My 3000 I bought new off of ebay from a shop in Portugal, about 6 years ago.
I guessed that it would be a low volume enough item that it would be multi-voltage capable, and it was. Two jumpers to re solder, and a new plug and now it talks with NA 120V ac quite happily.
I have a standard neg - an image of my wife in the front yard on an overcast winter day holding a grey card in one hand, and a colour test target from an old darkroom dataguide in the other hand.
I use it to print the first sheet of every box or roll of RA-4 paper I open. Once I get a neutral grey print, of the right density, I autoreprogram the master settngs. I then make note of the the master settings and write it on tape that gets affixed to the front of the package.
This habbit saves a lot of time for me.

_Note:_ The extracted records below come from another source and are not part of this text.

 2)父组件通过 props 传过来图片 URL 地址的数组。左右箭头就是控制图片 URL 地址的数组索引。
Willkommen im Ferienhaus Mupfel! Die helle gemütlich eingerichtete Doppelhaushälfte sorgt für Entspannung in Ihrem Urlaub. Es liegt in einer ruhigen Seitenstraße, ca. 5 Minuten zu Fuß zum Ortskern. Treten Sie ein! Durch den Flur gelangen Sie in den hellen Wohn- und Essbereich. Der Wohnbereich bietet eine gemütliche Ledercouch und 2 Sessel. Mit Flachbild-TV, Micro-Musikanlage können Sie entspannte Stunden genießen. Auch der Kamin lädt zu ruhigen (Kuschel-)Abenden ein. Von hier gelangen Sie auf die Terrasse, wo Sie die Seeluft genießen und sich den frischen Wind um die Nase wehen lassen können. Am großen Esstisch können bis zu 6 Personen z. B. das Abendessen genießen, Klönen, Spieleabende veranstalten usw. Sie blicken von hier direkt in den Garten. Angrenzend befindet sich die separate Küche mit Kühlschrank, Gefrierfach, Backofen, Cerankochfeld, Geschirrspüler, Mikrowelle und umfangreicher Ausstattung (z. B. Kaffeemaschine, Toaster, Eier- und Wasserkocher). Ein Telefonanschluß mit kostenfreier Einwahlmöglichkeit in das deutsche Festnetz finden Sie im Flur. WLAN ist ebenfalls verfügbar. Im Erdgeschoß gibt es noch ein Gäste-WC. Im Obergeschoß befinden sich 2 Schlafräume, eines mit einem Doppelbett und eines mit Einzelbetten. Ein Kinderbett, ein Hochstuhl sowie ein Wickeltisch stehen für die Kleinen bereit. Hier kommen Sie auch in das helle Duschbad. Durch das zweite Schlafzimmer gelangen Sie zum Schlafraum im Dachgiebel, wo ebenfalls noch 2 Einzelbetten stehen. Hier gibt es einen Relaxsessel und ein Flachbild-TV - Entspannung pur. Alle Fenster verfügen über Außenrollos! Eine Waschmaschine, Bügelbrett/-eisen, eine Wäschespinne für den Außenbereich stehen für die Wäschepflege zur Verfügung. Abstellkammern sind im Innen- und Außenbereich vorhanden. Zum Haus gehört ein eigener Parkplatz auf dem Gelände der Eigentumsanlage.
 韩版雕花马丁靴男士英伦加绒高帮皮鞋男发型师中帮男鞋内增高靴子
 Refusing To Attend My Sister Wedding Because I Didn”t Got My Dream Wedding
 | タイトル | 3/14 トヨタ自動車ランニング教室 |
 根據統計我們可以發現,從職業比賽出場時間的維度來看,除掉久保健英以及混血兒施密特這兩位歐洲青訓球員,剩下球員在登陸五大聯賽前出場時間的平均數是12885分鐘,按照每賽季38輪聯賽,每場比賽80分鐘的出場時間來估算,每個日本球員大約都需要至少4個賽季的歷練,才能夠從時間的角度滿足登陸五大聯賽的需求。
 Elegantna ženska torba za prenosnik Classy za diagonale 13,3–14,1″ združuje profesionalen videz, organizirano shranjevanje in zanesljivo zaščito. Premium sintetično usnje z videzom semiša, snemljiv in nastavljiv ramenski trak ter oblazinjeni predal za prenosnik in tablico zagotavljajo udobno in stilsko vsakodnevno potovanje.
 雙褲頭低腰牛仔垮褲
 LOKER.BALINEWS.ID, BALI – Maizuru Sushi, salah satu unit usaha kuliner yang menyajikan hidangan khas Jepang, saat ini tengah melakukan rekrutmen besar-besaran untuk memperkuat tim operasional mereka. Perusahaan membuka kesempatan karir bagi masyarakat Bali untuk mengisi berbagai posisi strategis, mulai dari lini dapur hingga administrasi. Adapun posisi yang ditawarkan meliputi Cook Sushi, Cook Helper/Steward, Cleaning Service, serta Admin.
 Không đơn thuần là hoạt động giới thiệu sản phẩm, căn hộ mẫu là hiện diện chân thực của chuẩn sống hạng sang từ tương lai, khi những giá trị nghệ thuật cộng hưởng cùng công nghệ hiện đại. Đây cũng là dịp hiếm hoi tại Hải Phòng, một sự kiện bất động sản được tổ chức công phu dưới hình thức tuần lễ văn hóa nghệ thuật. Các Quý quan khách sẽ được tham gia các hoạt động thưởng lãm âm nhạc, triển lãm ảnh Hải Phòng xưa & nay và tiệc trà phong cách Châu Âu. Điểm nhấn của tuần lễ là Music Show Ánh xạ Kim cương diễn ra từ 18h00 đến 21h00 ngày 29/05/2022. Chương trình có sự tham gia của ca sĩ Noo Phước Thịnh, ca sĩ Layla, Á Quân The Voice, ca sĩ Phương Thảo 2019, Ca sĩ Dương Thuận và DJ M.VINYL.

Swap paper, resett eh masters to the settings noted on the paper pack, and the next step is to set the channel to what I want to meter ( I have channels set for spot grey, spot neutral caucasian skin, warm tone (ie tanned ) skin, then three more for semi integating sisk the same way, and then channel 7 I task for random use, with a table of figures written on a card on the wall for settings for thinks like green grass, blue sky, puffy white clouds, asphalt, etc. I keep chanel 8 for when I do b&w work, and only use that chanel so I don't screw up more standard setting on the other 7 channels.
I freqeuently contact print on old slightly fogged glossy paper, and then shift to lustre surface papers for final prints. Change the master, set the channel for the metered subject, and bang out a perfect print nearly all of the time unles the chemistry has aged from when I calibrated it. You can do a NG test and autoreporgram really quickly though.